» **Collection entries**
_ _ _ _
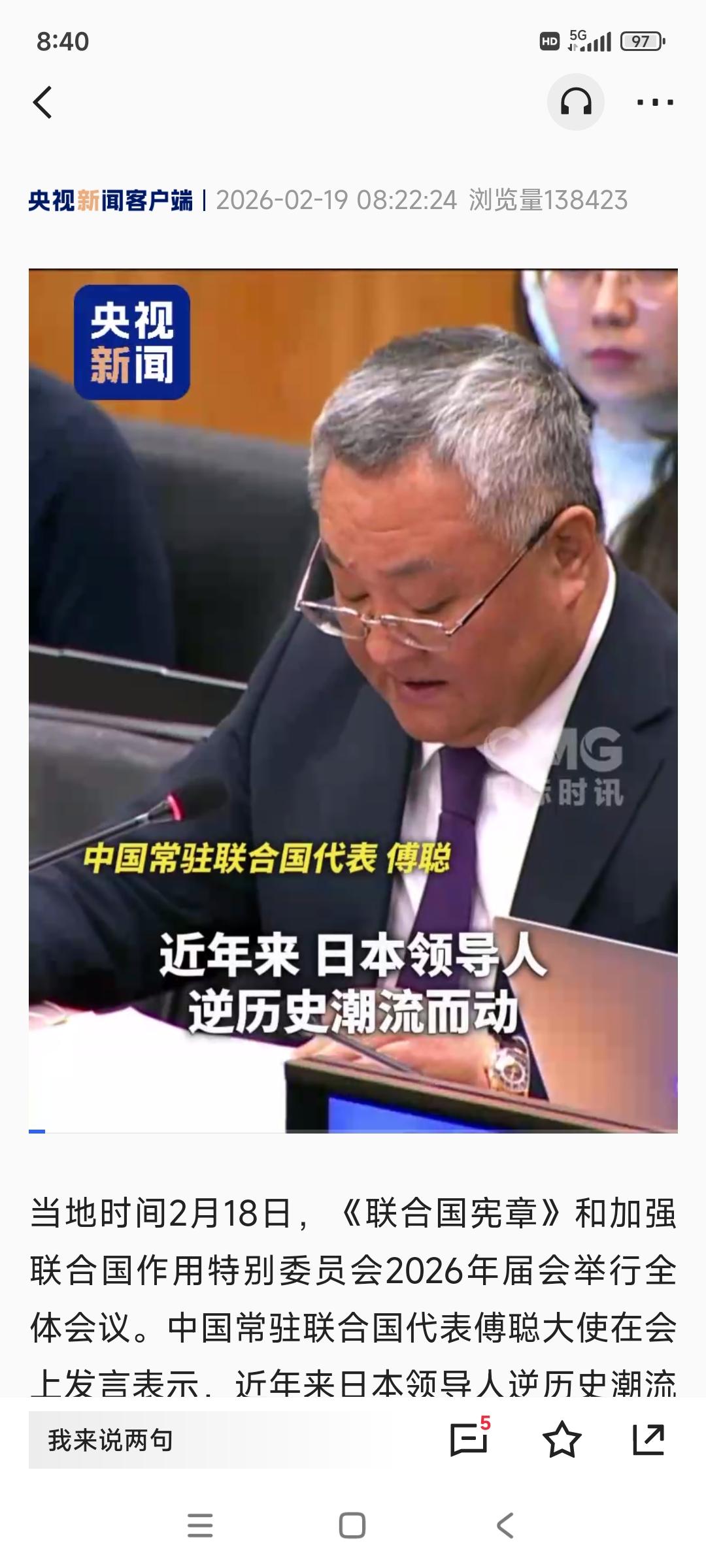中国常驻联合国代表傅聪发言:日本行使“集体自卫权”介入台湾问题 中方必将迎头痛击。 简评几句:中国在联合国摊牌:日本若插手台湾,就是侵略!中国常驻联合国代表傅聪大使直接点名日本,发出严正警告。 日本正企图借"集体自卫权"介入台湾问题,将中国台湾与所谓日本"存亡危机"相关联。对此,傅聪从四个角度上彻底驳斥: 法律上,日本用国内法覆盖国际义务,纯属偷梁换柱; 历史上,战败国无权对战胜国领土指手画脚; 行动上,中方警告:无论任何借口介入台湾,都将构成对中国的侵略,中方必将迎头痛击! 道义上,这是对《联合国宪章》和二战秩序的公然挑衅。 70多年前日本军国主义给亚洲带来灾难,如今若有人想重蹈覆辙,等待他们的必是更彻底的失败。
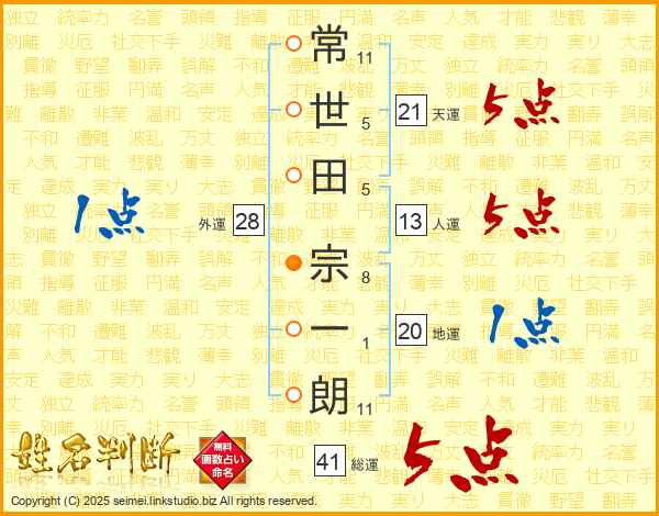 常世田宗一朗さんの総運は41画の5点!
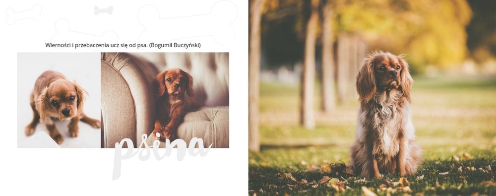 Album psiaka to szablon, z którym zaprojektujesz wyjątkową fotoksiążkę ze zdjęciami Twojego Psa. Stwórz piękną pamiątkę dla swojej rodziny, uwiecznij wszystkie chwile spędzone z przyjacielem i ciesz się oryginalną fotoksiążką przez wiele, wiele lat.
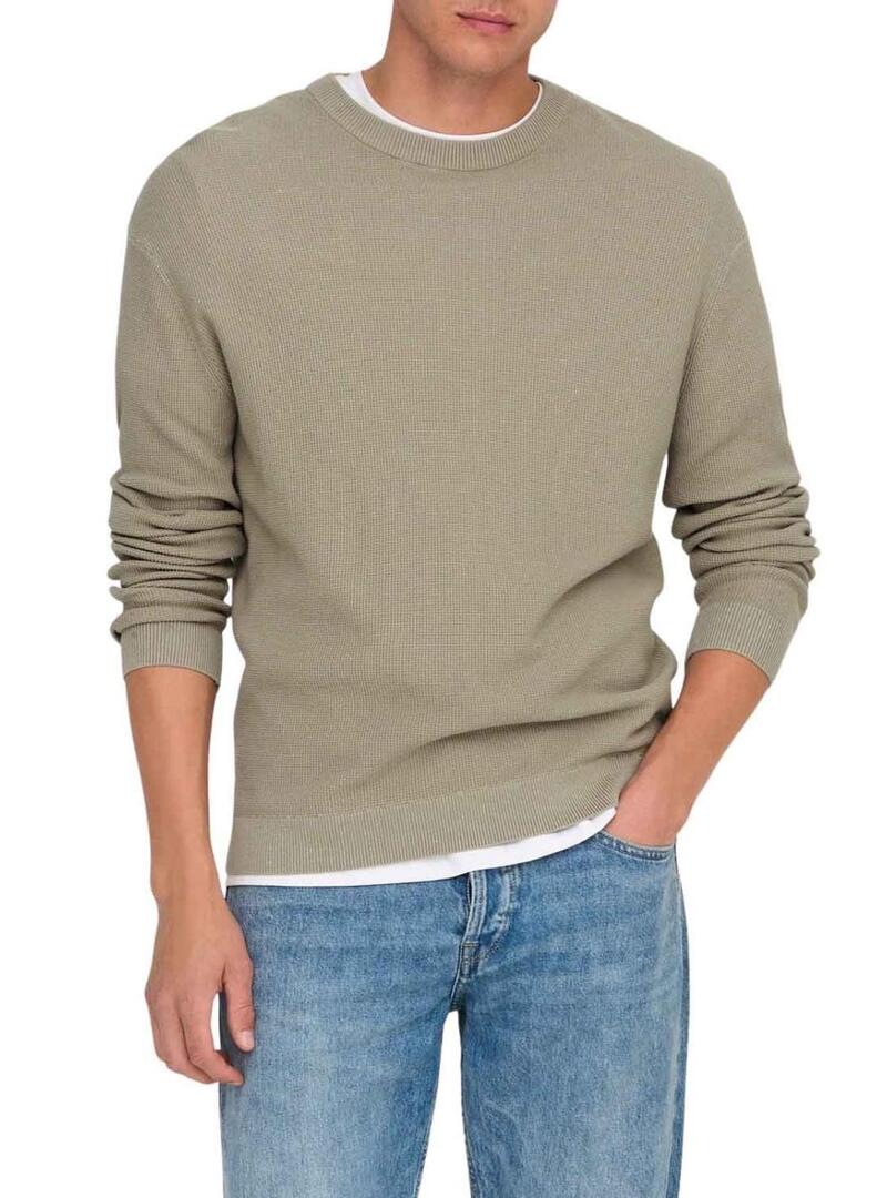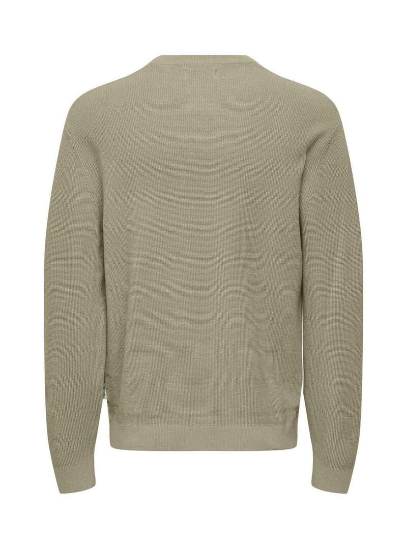 Camisola Only and Sons. Cor bege. Gola redonda. Manga comprida. Malha macia. Acabamentos canelados. Formato relaxado. Ombros ligeiramente caídos.
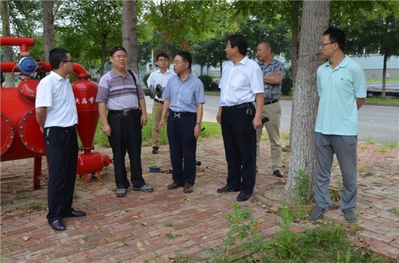 陈军武校长一行先后来到大禹节水研究院实验室、公司生产车间,喷灌机实验田、过滤器展示区现场参观考察。在实验室,陈军武校长一行详细了解了实验室各种检测仪器及其实验检测方法,大禹节水研究主任冯厚军向各位领导进行了介绍,并重点介绍了“精量滴灌”的相关技术。该项技术荣获“2015年度国家科技进步二等奖”,极大的解决了多年来滴灌技术的瓶颈,得到了各位领导由衷的赞扬;在各生产车间,陈军武校长一行边走边看,不时停下来询问相关情况,常务副总经理潘钰一边向各位领导介绍公司研发生产的各类节水灌溉产品,一边认真回答了相关领导的提问。
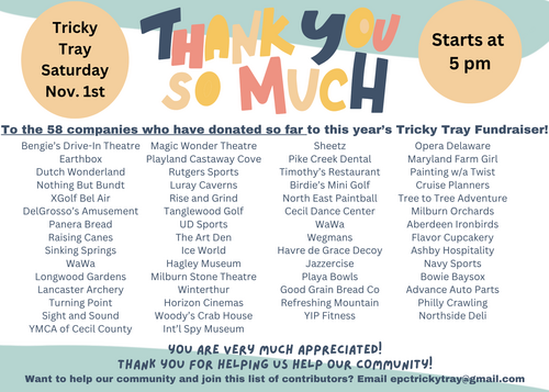 Elkton Presbyterian Church will be hosting our 20th annual Tricky Tray fundraiser and benefits our Outreach program and our Food Pantry on Saturday, November 1st at 5PM.
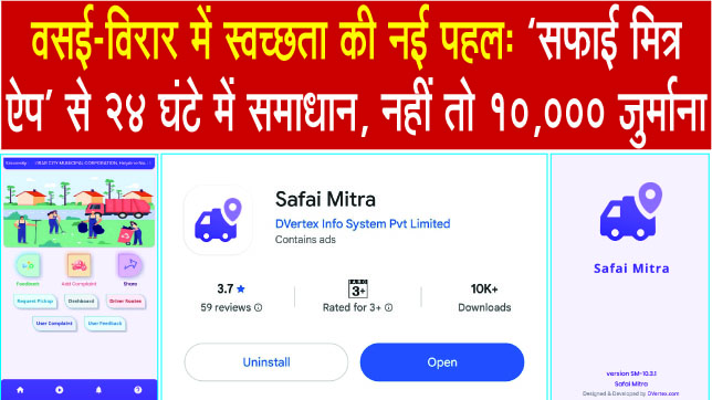 सनसनी अबतक | विशेष प्रतिनिधि वसई-विरार। वसई-विरार शहर महानगरपालिका ने शहर की सफाई व्यवस्था को आधुनिक और पारदर्शी बनाने के...
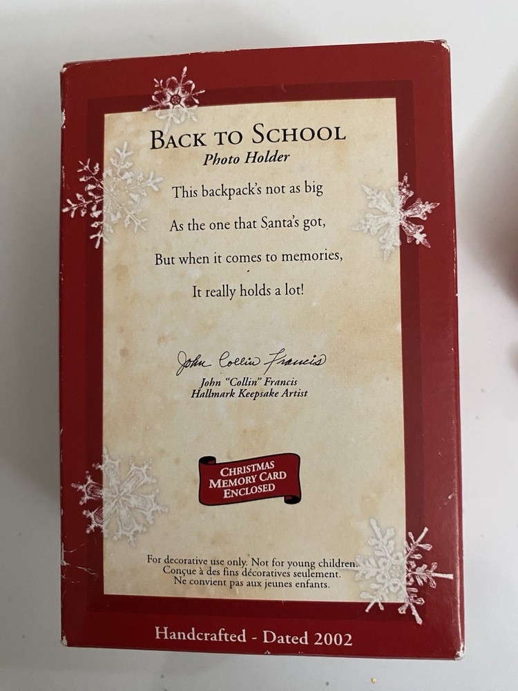 The 2002 Back to School Photo Holder Hallmark Keepsake Christmas Ornament is a small, irregularly shaped ornament featuring a contemporary style with a vintage touch. Handcrafted with a decorative multicolor design, this limited edition ornament includes a photo holder for a personal touch. Perfect for the Christmas season, this ornament features a school backpack subject, making it a sentimental keepsake for families with children aged 12-18 years. The ornament comes in its original open box packaging and weighs 2.1 oz, adding a unique and nostalgic addition to any holiday decor collection. Preowned in good condition. Box included
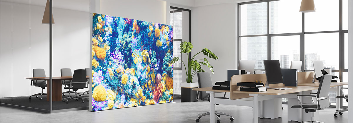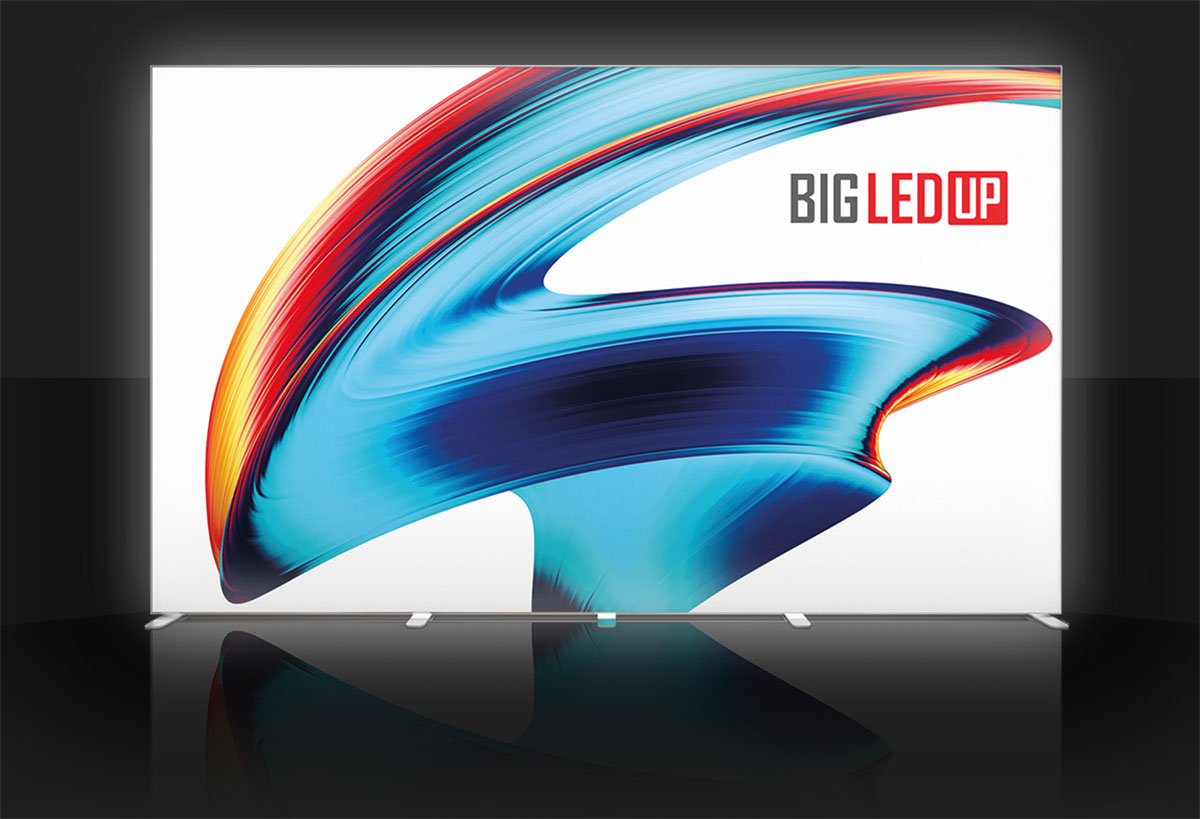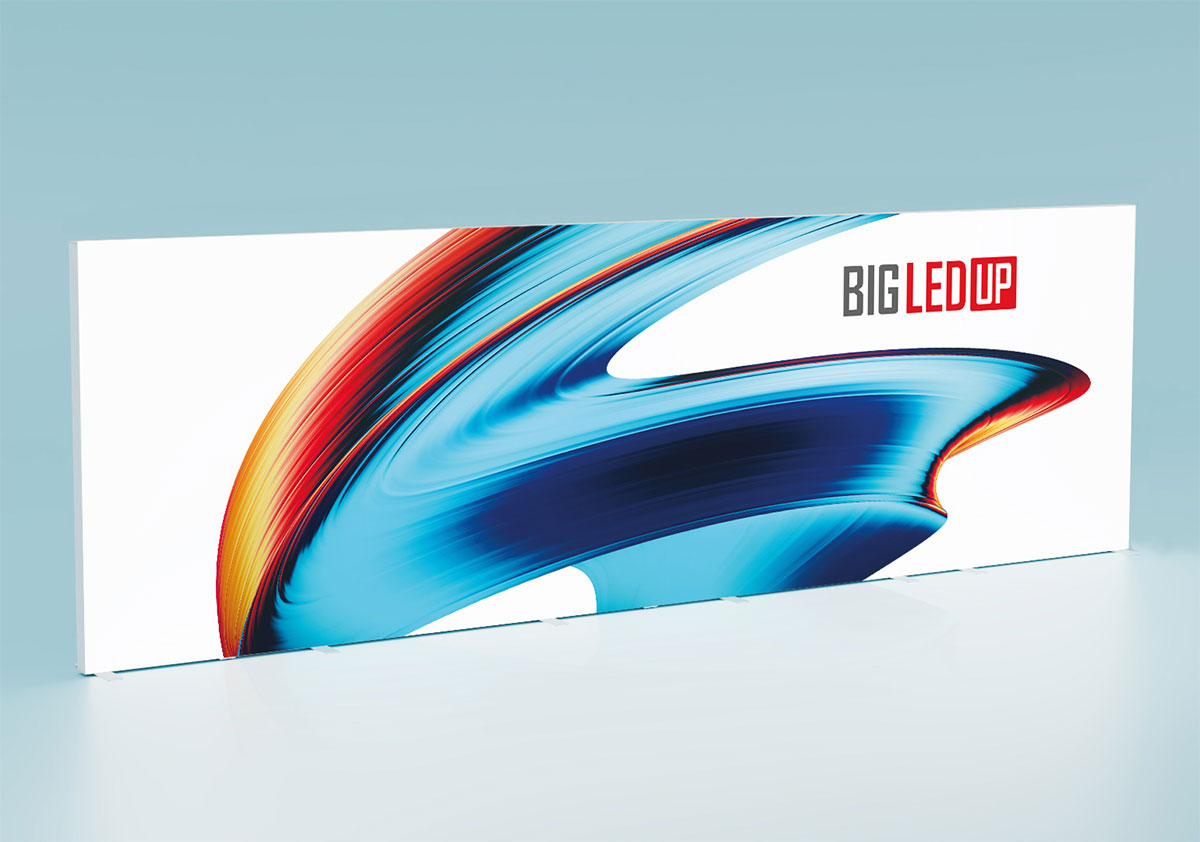 Create the perfect display with BIG LEDUP™’s modular design. Start with a 200 cm base module and expand with 50, 75, or 100 cm add-ons to reach a total width of 5 metres. Adjustable heights of 200, 250, or 300 cm add even more versatility. Combine multiple systems into expansive walls or creative shapes, and attach vibrant digital prints effortlessly for a flawless look. BIG LEDUP™ adapts to your needs, ensuring your brand stands out in any environment.
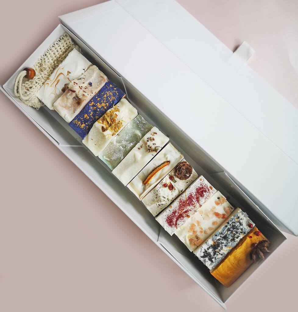 • 12 handmade, natural cold process soap bars
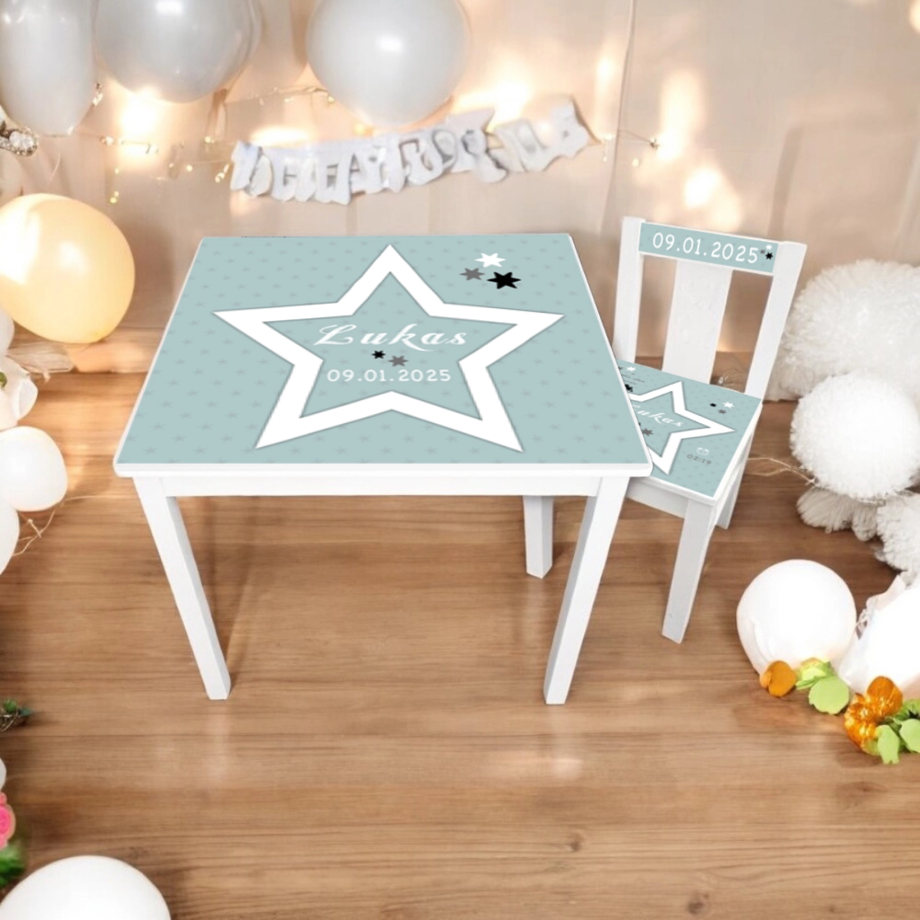 Een trendy ontwerp met sterretjes waar de geboorte informatie van het kindje ingeplaatst wordt. Het geboortestoeltje met naam sterren wordt uiteraard ook voorzien van de naam en de geboortedatum.
_ _ _ _
Write out the records above once more, word for word, with no pictures.

中国常驻联合国代表傅聪发言:日本行使“集体自卫权”介入台湾问题 中方必将迎头痛击。 简评几句:中国在联合国摊牌:日本若插手台湾,就是侵略!中国常驻联合国代表傅聪大使直接点名日本,发出严正警告。 日本正企图借"集体自卫权"介入台湾问题,将中国台湾与所谓日本"存亡危机"相关联。对此,傅聪从四个角度上彻底驳斥: 法律上,日本用国内法覆盖国际义务,纯属偷梁换柱; 历史上,战败国无权对战胜国领土指手画脚; 行动上,中方警告:无论任何借口介入台湾,都将构成对中国的侵略,中方必将迎头痛击! 道义上,这是对《联合国宪章》和二战秩序的公然挑衅。 70多年前日本军国主义给亚洲带来灾难,如今若有人想重蹈覆辙,等待他们的必是更彻底的失败。
 常世田宗一朗さんの総運は41画の5点!
 Album psiaka to szablon, z którym zaprojektujesz wyjątkową fotoksiążkę ze zdjęciami Twojego Psa. Stwórz piękną pamiątkę dla swojej rodziny, uwiecznij wszystkie chwile spędzone z przyjacielem i ciesz się oryginalną fotoksiążką przez wiele, wiele lat.
 Camisola Only and Sons. Cor bege. Gola redonda. Manga comprida. Malha macia. Acabamentos canelados. Formato relaxado. Ombros ligeiramente caídos.
 陈军武校长一行先后来到大禹节水研究院实验室、公司生产车间,喷灌机实验田、过滤器展示区现场参观考察。在实验室,陈军武校长一行详细了解了实验室各种检测仪器及其实验检测方法,大禹节水研究主任冯厚军向各位领导进行了介绍,并重点介绍了“精量滴灌”的相关技术。该项技术荣获“2015年度国家科技进步二等奖”,极大的解决了多年来滴灌技术的瓶颈,得到了各位领导由衷的赞扬;在各生产车间,陈军武校长一行边走边看,不时停下来询问相关情况,常务副总经理潘钰一边向各位领导介绍公司研发生产的各类节水灌溉产品,一边认真回答了相关领导的提问。
 Elkton Presbyterian Church will be hosting our 20th annual Tricky Tray fundraiser and benefits our Outreach program and our Food Pantry on Saturday, November 1st at 5PM.
 सनसनी अबतक | विशेष प्रतिनिधि वसई-विरार। वसई-विरार शहर महानगरपालिका ने शहर की सफाई व्यवस्था को आधुनिक और पारदर्शी बनाने के...
 The 2002 Back to School Photo Holder Hallmark Keepsake Christmas Ornament is a small, irregularly shaped ornament featuring a contemporary style with a vintage touch. Handcrafted with a decorative multicolor design, this limited edition ornament includes a photo holder for a personal touch. Perfect for the Christmas season, this ornament features a school backpack subject, making it a sentimental keepsake for families with children aged 12-18 years. The ornament comes in its original open box packaging and weighs 2.1 oz, adding a unique and nostalgic addition to any holiday decor collection. Preowned in good condition. Box included
 Create the perfect display with BIG LEDUP™’s modular design. Start with a 200 cm base module and expand with 50, 75, or 100 cm add-ons to reach a total width of 5 metres. Adjustable heights of 200, 250, or 300 cm add even more versatility. Combine multiple systems into expansive walls or creative shapes, and attach vibrant digital prints effortlessly for a flawless look. BIG LEDUP™ adapts to your needs, ensuring your brand stands out in any environment.
 • 12 handmade, natural cold process soap bars
 Een trendy ontwerp met sterretjes waar de geboorte informatie van het kindje ingeplaatst wordt. Het geboortestoeltje met naam sterren wordt uiteraard ook voorzien van de naam en de geboortedatum.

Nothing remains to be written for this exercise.